The Overfishing Metaphor
Dr. Brian J. Rothschild

NOTE: This paper was originally published by the American Institute of Fishery Research Biologists in their January-February 2011 newsletter. Dr. Rothschild is Dean Emeritus of the University of Massachusetts School for Marine Science and Technology.

The term “overfishing” seems to have first been used in 1854 at a meeting of the British Association for the Advancement of Science (Rozwadowski, 2002). The determination of whether or not a stock is overfished preoccupied fishery scientists for the next several decades. During this time no precise definition of overfishing could be developed, despite a prestigious inquiry by the International Council for Exploration of the Sea (ICES) (Petersen, 1903).
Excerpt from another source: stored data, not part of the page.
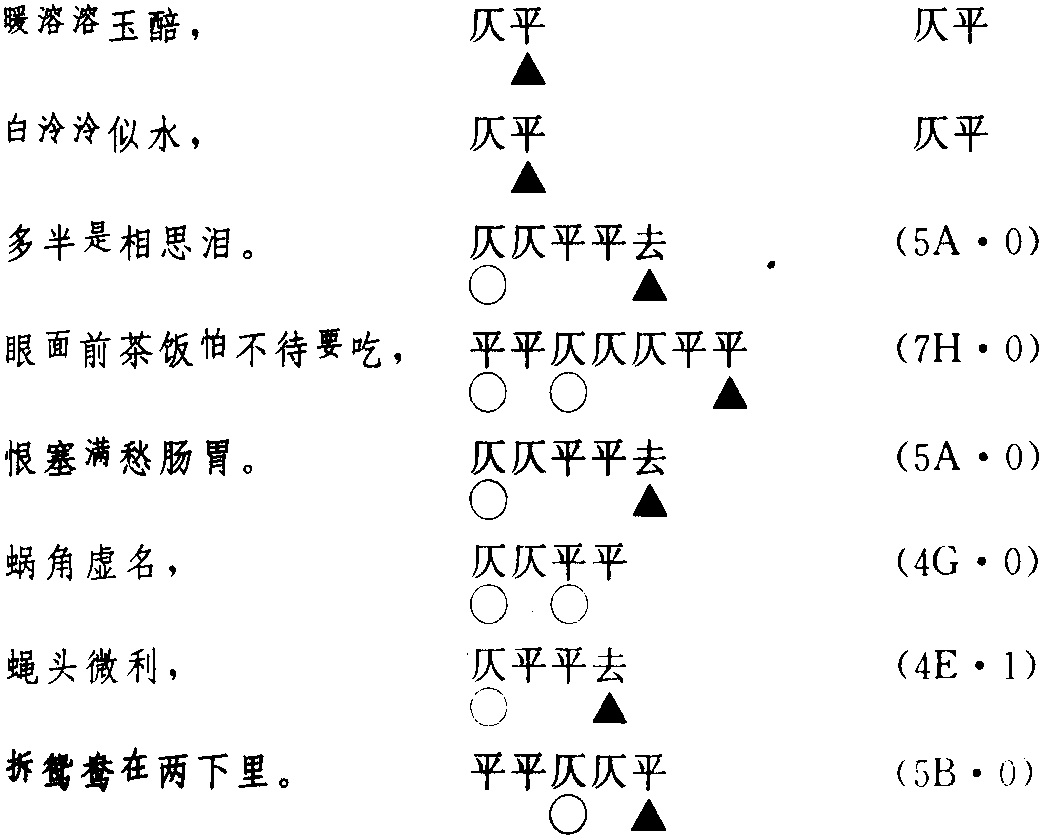 这首曲,共有十个字韵,详况如下: 醅 读音p·ei (-)。芳杯切,平,灰韵。为ei韵目,属i—ei—ui韵部。 水 读音sh·ui (ˇ)。式轨切,上,旨韵。为ui韵目,属i—ei—ui韵部。 泪 读音l·ei (ˋ)。力遂切,去,至韵。为ei韵目,属i—ei—ui韵部。 吃 读音ch·i (-)。苦击切,入,锡韵。为i韵目,属i—ei—ui韵部。 胃 读音·ui (ˋ)。于贵切,去,未韵。为ui韵目,属i—ei—ui韵部。 利 读音l·i (ˋ)。力至切,去,至韵。为i韵目,属i—ei—ui韵部。 里 读音l·i (ˇ)。良士切,上,止韵。为i韵目,属i—ei—ui韵部。 壁 读音b·i (ˋ)。北激切,入,锡韵。为i韵目,属i—ei—ui韵部。 壁 读音b·i (ˋ)。北激切,入,锡韵。为i韵目,属i—ei—ui韵部。 气 读音q·i (ˋ)。去既切,去,未韵。为i韵目,属i—ei—ui韵部。 在今韵方面,这十个韵字所押的韵是i—ei—ui韵部(第920韵部)。 在古韵方面,押灰韵(上平15)、旨韵(上声05)、止韵(上声06)、至韵(去声06)、未韵(去声08)、锡韵(入声23)。 ☚ (8)王实甫《[中吕宫]快活三·将来酒共食》 (10)王实甫《[中吕宫]四边静·杯盘狼藉》 ☛ |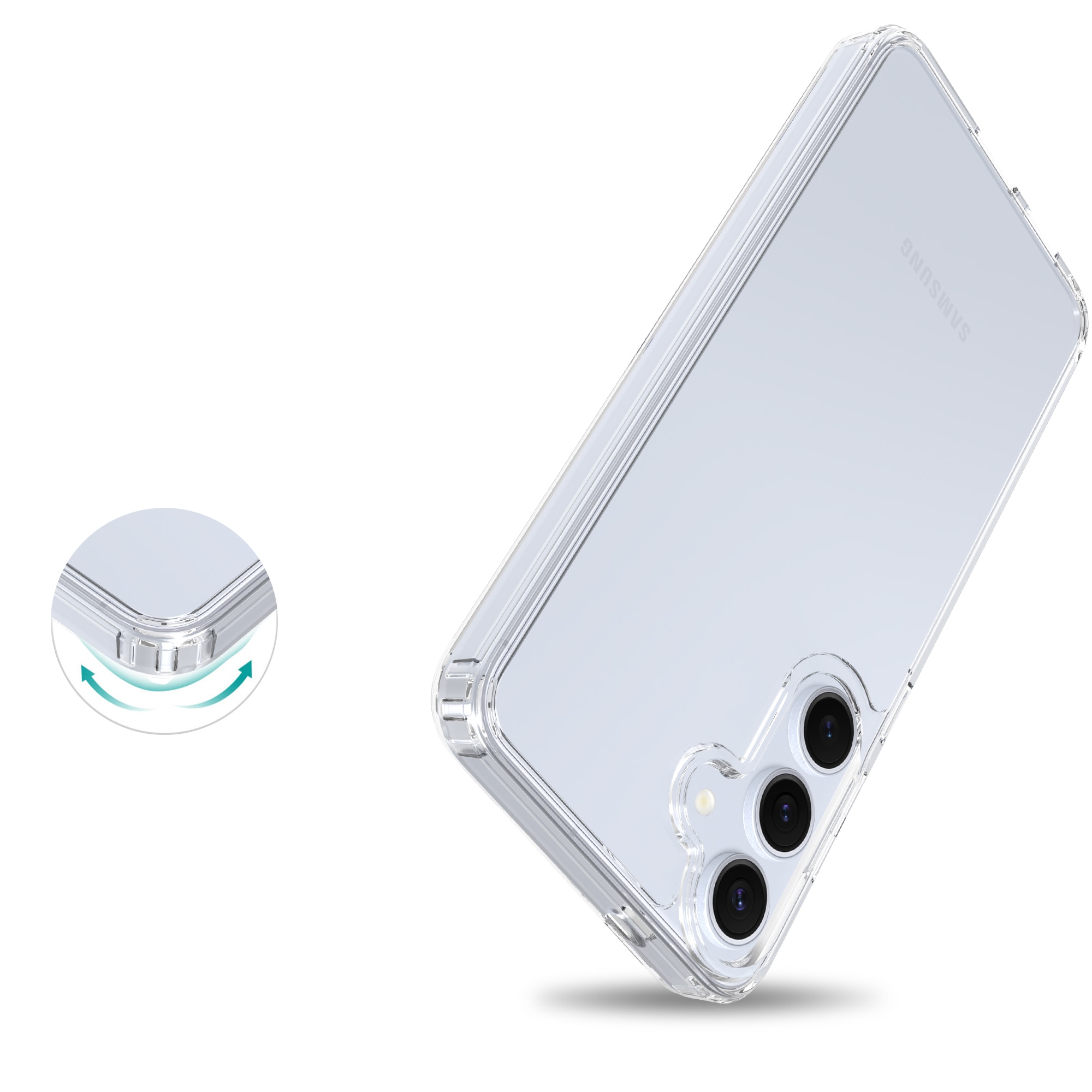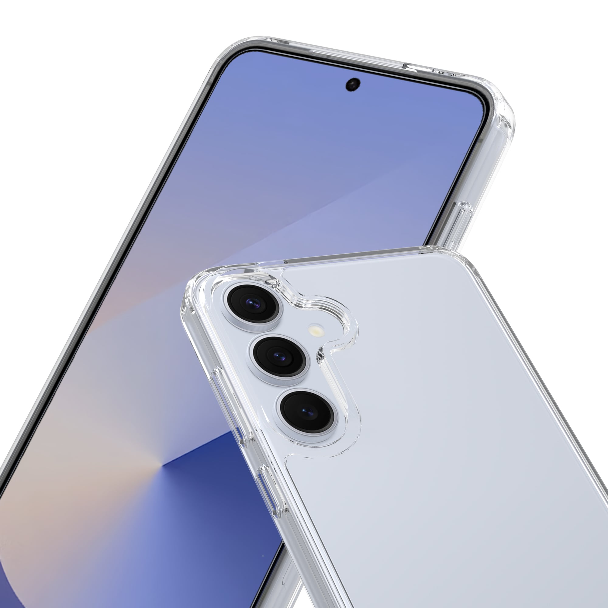 Transparent deksel fra Mobique til Samsung Galaxy S25 Plus. Dekselet er designet for å beskytte telefonen effektivt mot skade uten å gjøre den tung og stor. Baksiden av dekselet er laget av hard plast og sidene av støtabsorberende TPU. Sammen gir det en utmerket støtbeskyttelse som holder telefonen hel.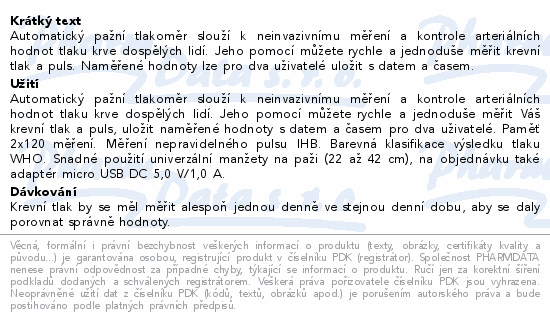 Automatický pažní tlakoměr slouží k neinvazivnímu měření a kontrole arteriálních hodnot tlaku krve dospělých lidí. Jeho pomocí můžete rychle a jednoduše měřit krevní tlak a puls. Naměřené hodnoty lze pro dva uživatelé uložit s datem a časem.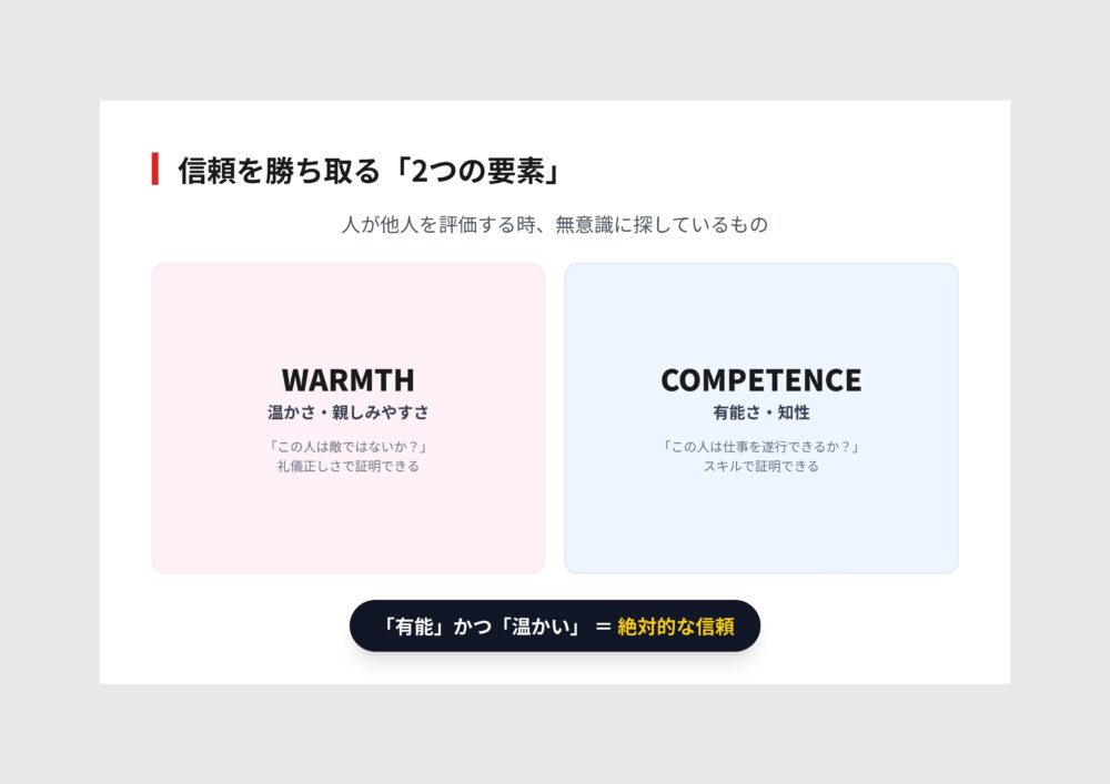 人の印象を左右する重要な要素は「温かさ」と「有能さ」の2つです。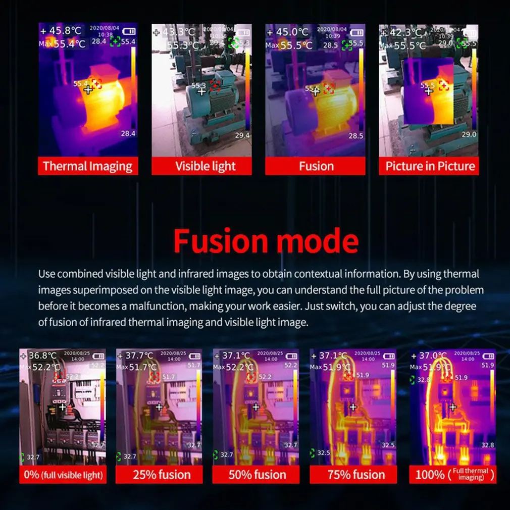 Смешанные настройки: 0% (полностью Видимый светильник), 25%, 50%, 75%, 100% (полное тепловое изображение)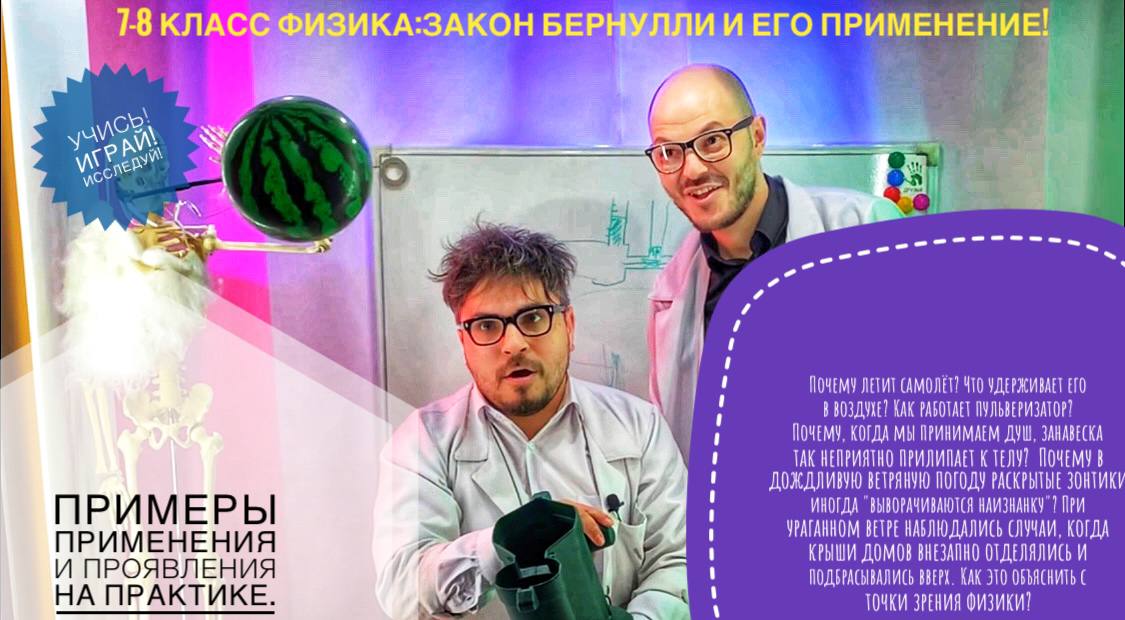 7-8 класс физика: Закон Бернулли его применение и проявления на практике. Демонстрации.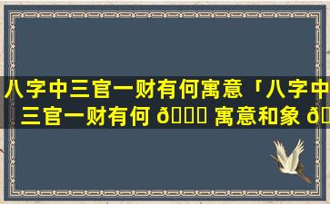 “八字中三官一财”是指八字命理中出现特定格局,代,表 🐋 着命 🐟 主官运亨通财运旺盛。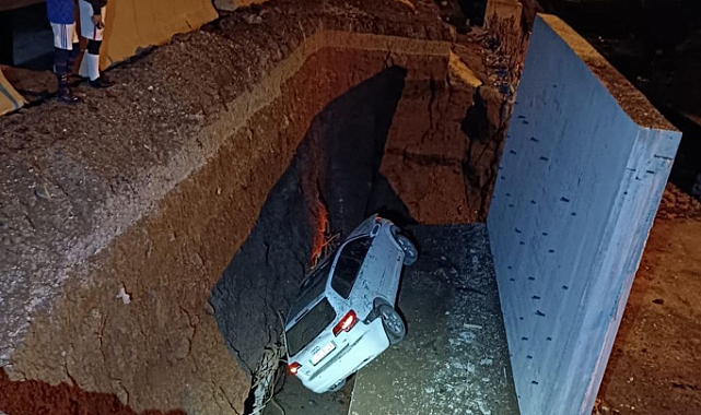 Otomobil 4 metrelik çukura düştü: 3 yaralı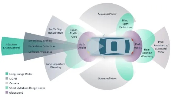 “视野”人数范例,包含重重叠叠的拍摄头、汽车汽车雷达、激光机器汽车汽车雷达和超声检查波感测器器,那些感测器器就必须在车俩模式内紧密配合运作,以传送信息和求算策略不良反应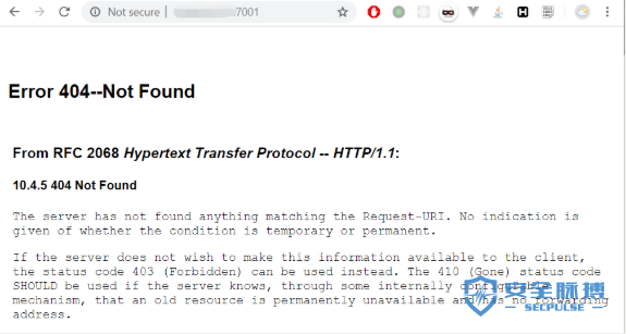 使用vulhub进行环境搭建( https://github.com/vulhub/vulhub/tree/master/weblogic/CVE-2017-10271 ),服务器端开放的端口为7001,访问后出现如下404页面说明weblogic正常搭建。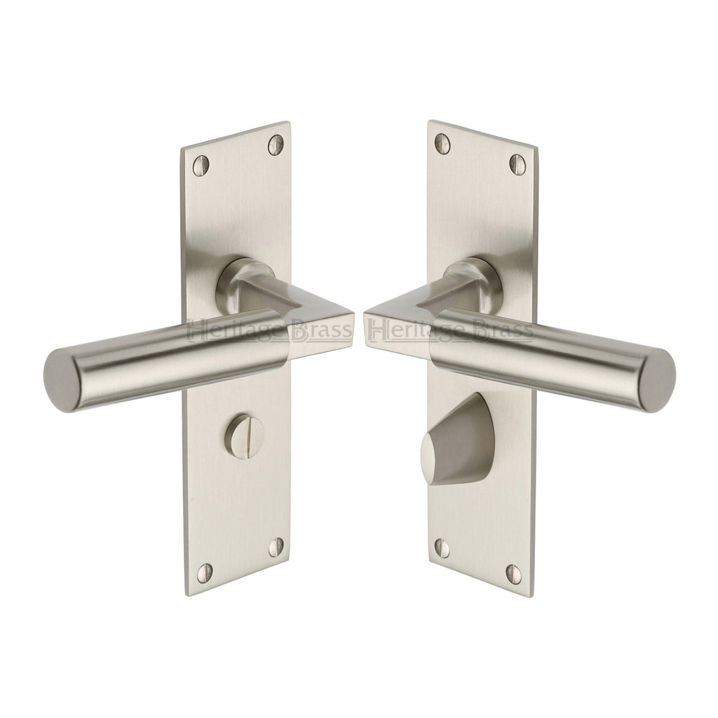 Heritage Brass Door Handle for Bathroom Bauhaus Design Satin Nickel finish - BAU7330-SN

Progress seemed evident in the 1940s and 1950s with the development of quantitative theories of fishing. The theories created the belief that practical and concrete overfishing definitions could be developed from mathematical models linking fishing mortality and population abundance. These models could generate optimal values (maxima) of production, yield-perrecruit, and recruitment as functions of stock size or fishing mortality. Thus, if optimal values were exceeded — the stock size was too low, or fishing mortality was too high — the stock could be declared overfished.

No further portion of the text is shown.